The reply should hold only the lines below beginning at the one with "El Poblament Vegetal" and ending at the one with "Cobweb plots |", copied exactly, with every picture left out.
[Extracted material — start]
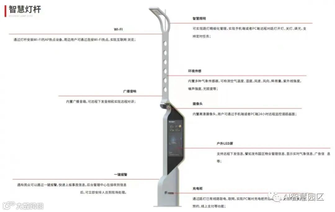 集照明、屏幕信息发布、广播、感应器、WiFi、环境监测、高清视频监控、紧急呼叫等多种功能于一体,实现集约化管理。
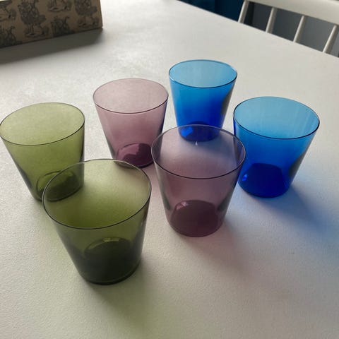 Kaj Franckin Iittalalle suunnittelemat eri väriset juomalasit 1950-luvulta. 7 kpl.
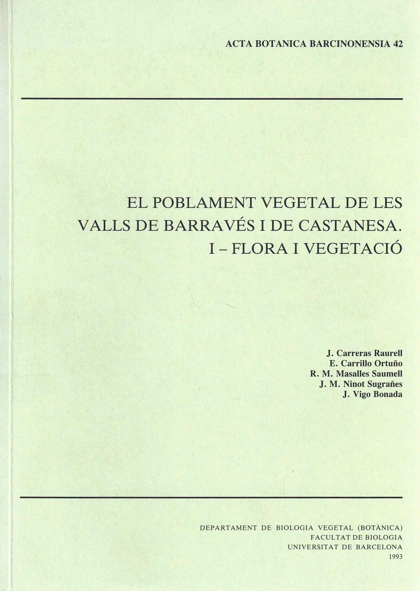 El Poblament Vegetal de les Valls de Barravés i de Castanesa. Volume 1: Flora i Vegetació. 1993. (Acta Botanica Barcinonensia, 42). 392 p. gr8vo. Paper bd.
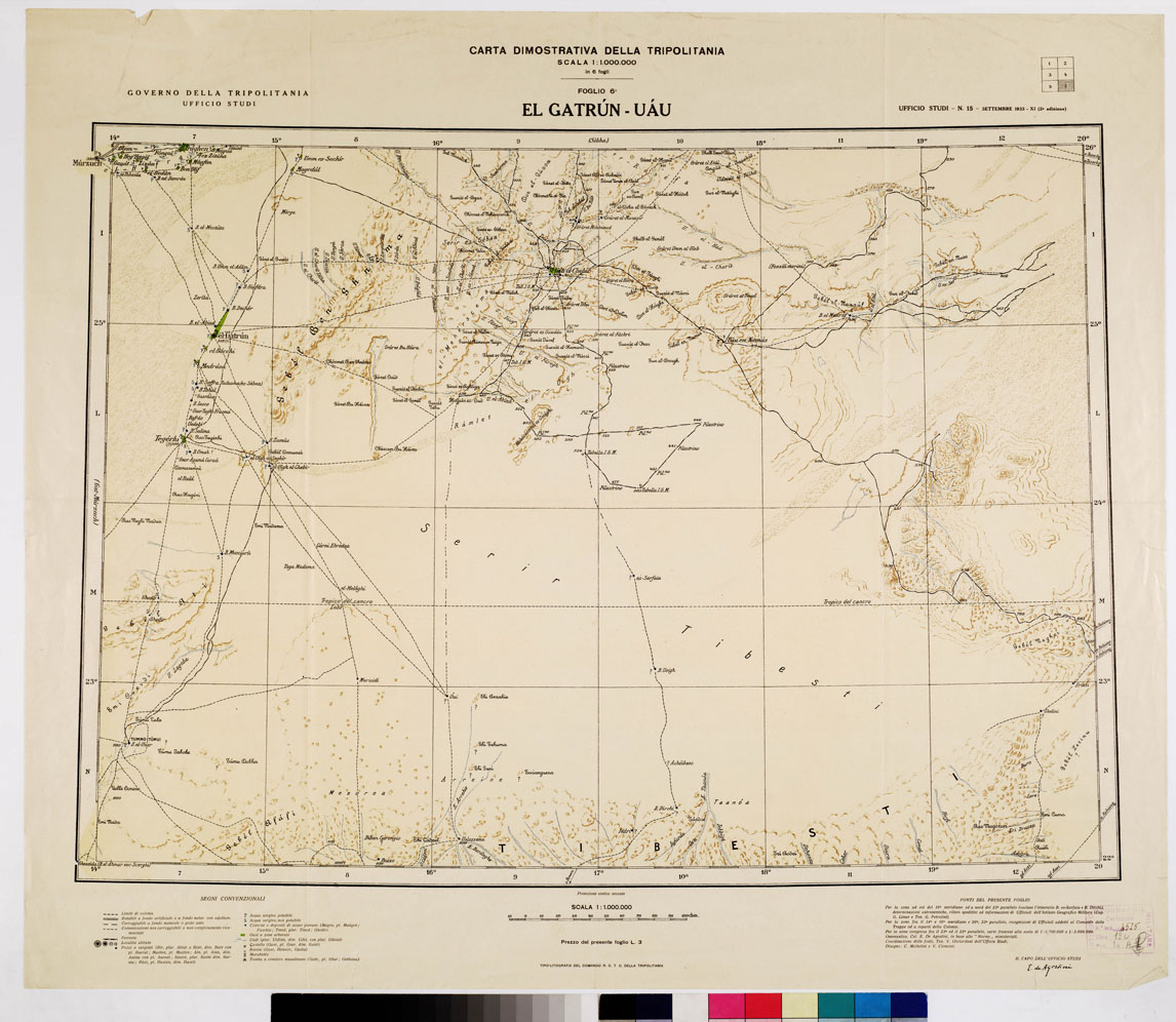 "COMANDO R. C. T. C. DELLA TRIPOLITANIA. UFFICIO GEO-TOPOGRAFICO. Carta in sei fogli riprodotta in fotocollografia su zinco dalla tipo-litografia del Comando R. C. T. C. della Tripolitania. Compilazione del Ten. V. Ghelardoni. Onomastica del Ten. G. Fatuzzo disegno del Serg. V. Clementi. I titoli dei fogli sono: 1) Tripoli 2) Misurata 3) Ubàri 4) Hon 5) Gat 6) Mùrzuch. La carta rappresenta il terreno a fondo unito giallino con dimostrazione orografica in bistro, acque in azzurro, rete stradale in rosso, rimanente in nero. Mostra ferrovie, strade (con manutenzione regolare, con adattamenti parziali, piste camionabili, carovaniere), confini, abitati, forti castelli, ruderi, marabutti, cimiteri, pozzi, ecc. Sono indicate le distanze chilometriche, le quote altimetriche e le profondità dei pozzi calcolate in metri. In basso, su ciascun foglio, trovasi la leggenda dei segni convenzionali e l'indicazione delle fonti impiegate per la compilazione. Al 1932 è stato pubblicato un aggiornamento da riportare al foglio 4° (Sébha o Hon) dietro determinazioni astronomiche e rilievi speditivi di ufficiali dell' I.G.M. "
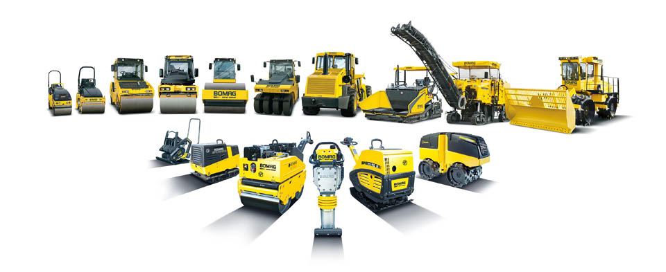 振动冲击夯,单向振动平板夯,双向振动平板夯,手扶式单钢轮振动压路机,手扶式双钢轮振动压路机,多用途压实机,组合式压路机,自行式双钢轮压路机,自行式单钢轮压路机,拖式振动压路机,胶轮压路机,卫生填埋垃圾压实机,路拌机和沥青路面现场冷再生机。
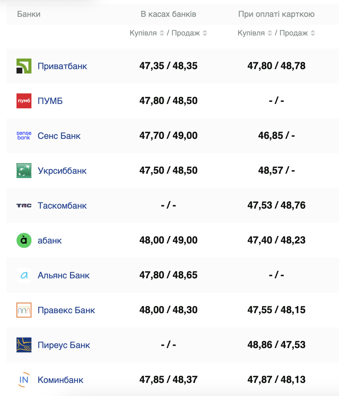 При оплате картой ПриватБанк удерживает одни из самых выгодных ставок — 47,80 при покупке и 48,78 при продаже.
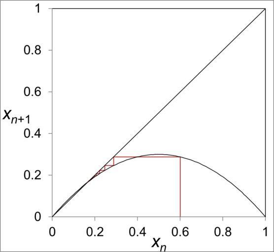 | Keywords: Logistic map cobweb plot a=1.2.png ja パラメータa 1 2 0 6 単調減少の例 収 は約0 16667 en parameter a 1 2 initial value 0 6 an example of monotonic decrease convergence value approx 0 16667 2014-11-16 own Yapparina other versions cc-zero Uploaded with UploadWizard Logistic map Cobweb plots |
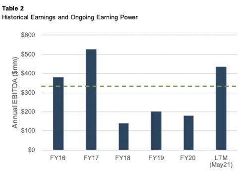 As is the case with many agribusiness companies, earnings for Sanderson Farms are cyclical, depending in large measure on various commodity markets. Table 2 relates the estimate of "ongoing" EBITDA noted above, to recent earnings (the green dotted line). So, what does the public market price of $155.74 "mean"? If investors paid that price, and the company continued to operate on a standalone basis while growing at 2.9%, those investors would earn an annualized return of 6.5% on their investment, which is consistent – on a risk-adjusted basis – with alternative investments available to them.
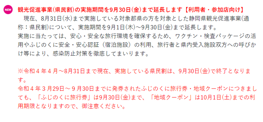 【9/30まで延長!】11県民が対象!しずおかげんきたび
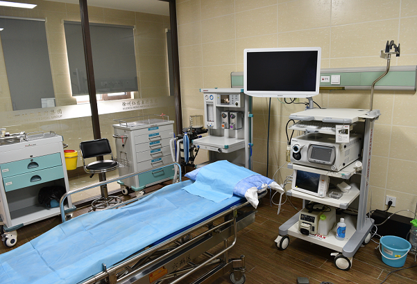 •内镜室常规开展无痛胃肠镜检查,患者在无不适感觉中完成肠胃镜检查,专职麻醉师为受检患者提供安全保障。
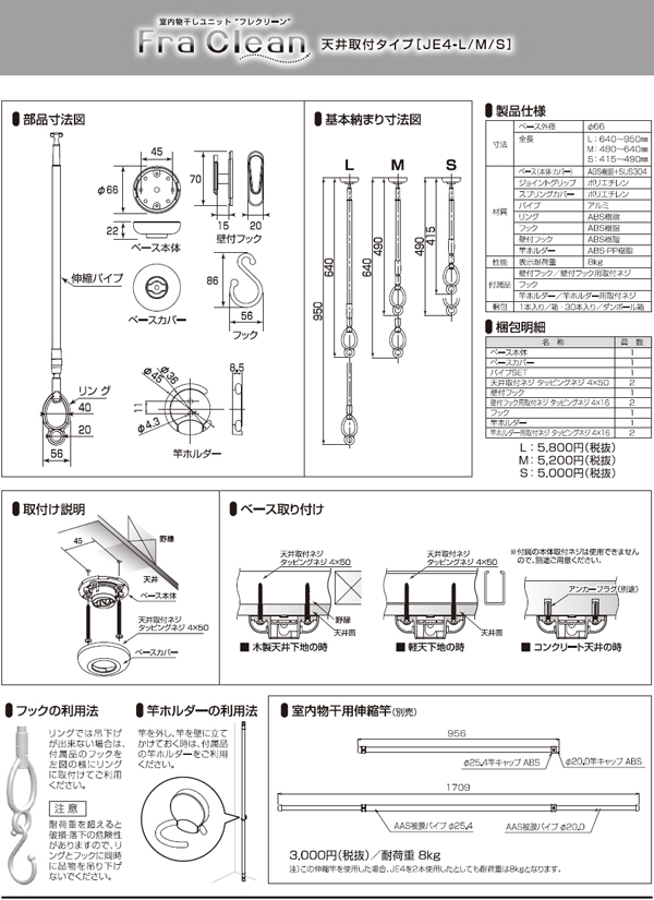 ●材質:【パイプ】アルミニウム合金【ベース(本体・カバー)】ABS樹脂、18-8ステンレス【リング・フック】ABS樹脂
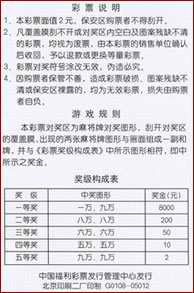 本彩票选用麻将牌作为对奖图形,刮开对奖区的覆盖膜,出现的两张麻将牌图形与画面相结合组成一副和牌,并与《彩票奖级构成表》中所示图形相符,即中所示之奖金 。
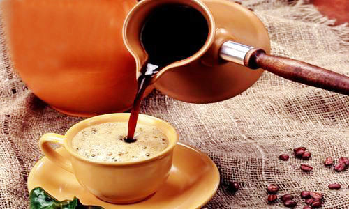 這種咖啡流行于中東、北非和中歐地區。跟其他咖啡不一樣,土耳其咖啡煮制的方法很特別。一般用一個葫蘆狀的鐵質小咖啡壺,加水后放到爐上煮,之后放入咖啡粉輕輕攪拌而成。通常有經驗的人會把上面浮起來的一層沫撇出來分到不同的杯中,增加濃香的口感。
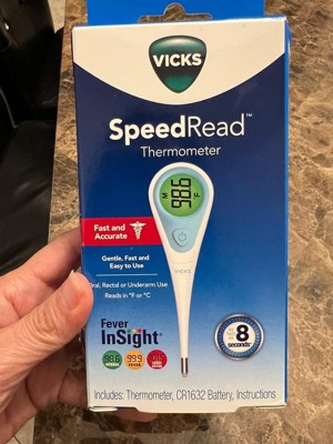 [This review was collected as part of a promotion.] Vicks speed read thermometer works as expected. It shows the temperature fairly quickly and it seems accurate. I like how easy it is to use and it has an easy to see display.
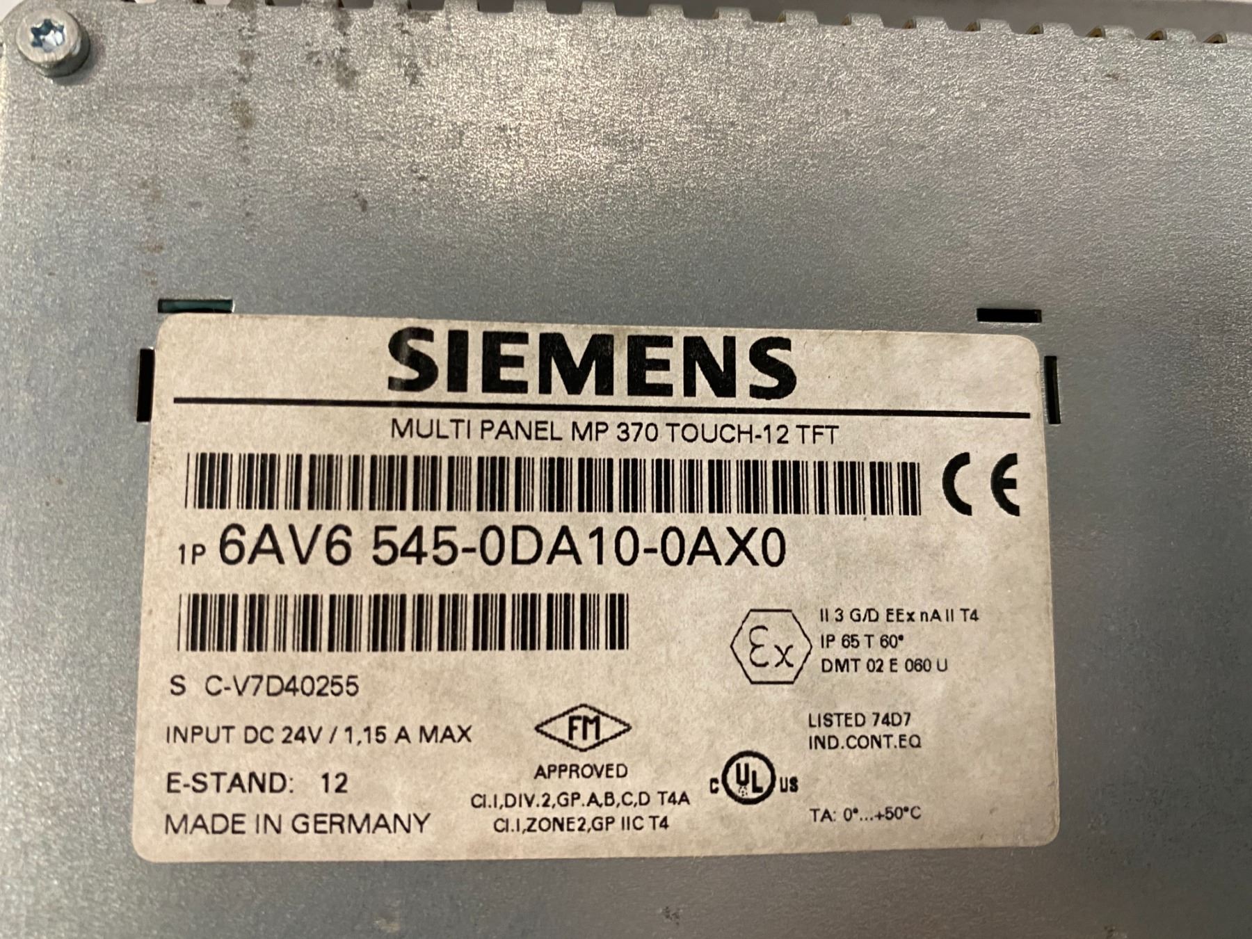 (2) - Siemens 6AV6 545-0DA10-0AX0 MultiPanel MP370 Touch 12TFT
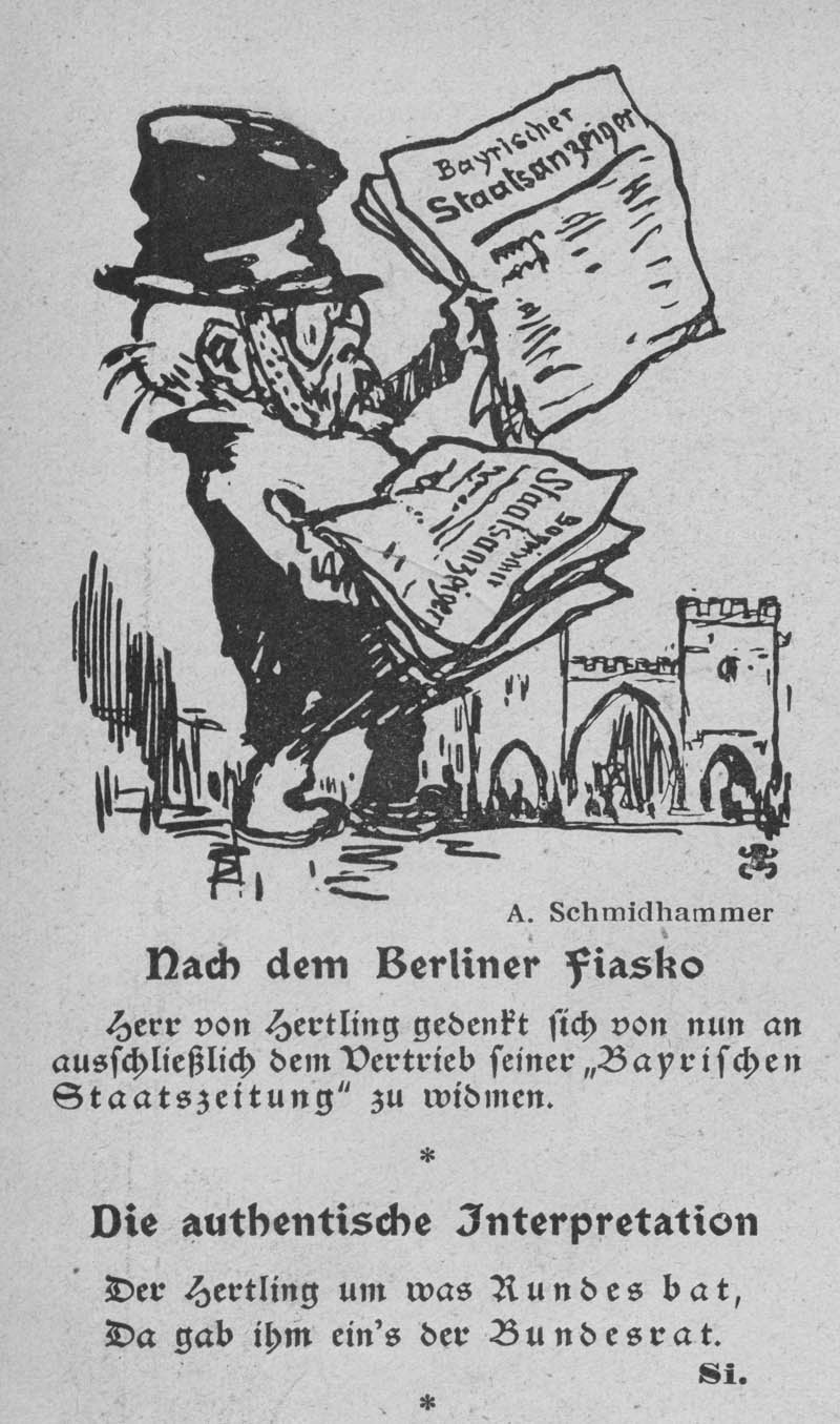 Karikatur von Arpad Schmidhauer "Nach dem Berliner Fiasko", aus: Jugend Nr. 50 vom 8. Dezember 1912. (Bayerische Staatsbibliothek, Porträt- und Ansichtensammlung)
[Extracted material — finish]
### Solved problem
 El Poblament Vegetal de les Valls de Barravés i de Castanesa. Volume 1: Flora i Vegetació. 1993. (Acta Botanica Barcinonensia, 42). 392 p. gr8vo. Paper bd.
 "COMANDO R. C. T. C. DELLA TRIPOLITANIA. UFFICIO GEO-TOPOGRAFICO. Carta in sei fogli riprodotta in fotocollografia su zinco dalla tipo-litografia del Comando R. C. T. C. della Tripolitania. Compilazione del Ten. V. Ghelardoni. Onomastica del Ten. G. Fatuzzo disegno del Serg. V. Clementi. I titoli dei fogli sono: 1) Tripoli 2) Misurata 3) Ubàri 4) Hon 5) Gat 6) Mùrzuch. La carta rappresenta il terreno a fondo unito giallino con dimostrazione orografica in bistro, acque in azzurro, rete stradale in rosso, rimanente in nero. Mostra ferrovie, strade (con manutenzione regolare, con adattamenti parziali, piste camionabili, carovaniere), confini, abitati, forti castelli, ruderi, marabutti, cimiteri, pozzi, ecc. Sono indicate le distanze chilometriche, le quote altimetriche e le profondità dei pozzi calcolate in metri. In basso, su ciascun foglio, trovasi la leggenda dei segni convenzionali e l'indicazione delle fonti impiegate per la compilazione. Al 1932 è stato pubblicato un aggiornamento da riportare al foglio 4° (Sébha o Hon) dietro determinazioni astronomiche e rilievi speditivi di ufficiali dell' I.G.M. "
 振动冲击夯,单向振动平板夯,双向振动平板夯,手扶式单钢轮振动压路机,手扶式双钢轮振动压路机,多用途压实机,组合式压路机,自行式双钢轮压路机,自行式单钢轮压路机,拖式振动压路机,胶轮压路机,卫生填埋垃圾压实机,路拌机和沥青路面现场冷再生机。
 При оплате картой ПриватБанк удерживает одни из самых выгодных ставок — 47,80 при покупке и 48,78 при продаже.
 | Keywords: Logistic map cobweb plot a=1.2.png ja パラメータa 1 2 0 6 単調減少の例 収 は約0 16667 en parameter a 1 2 initial value 0 6 an example of monotonic decrease convergence value approx 0 16667 2014-11-16 own Yapparina other versions cc-zero Uploaded with UploadWizard Logistic map Cobweb plots |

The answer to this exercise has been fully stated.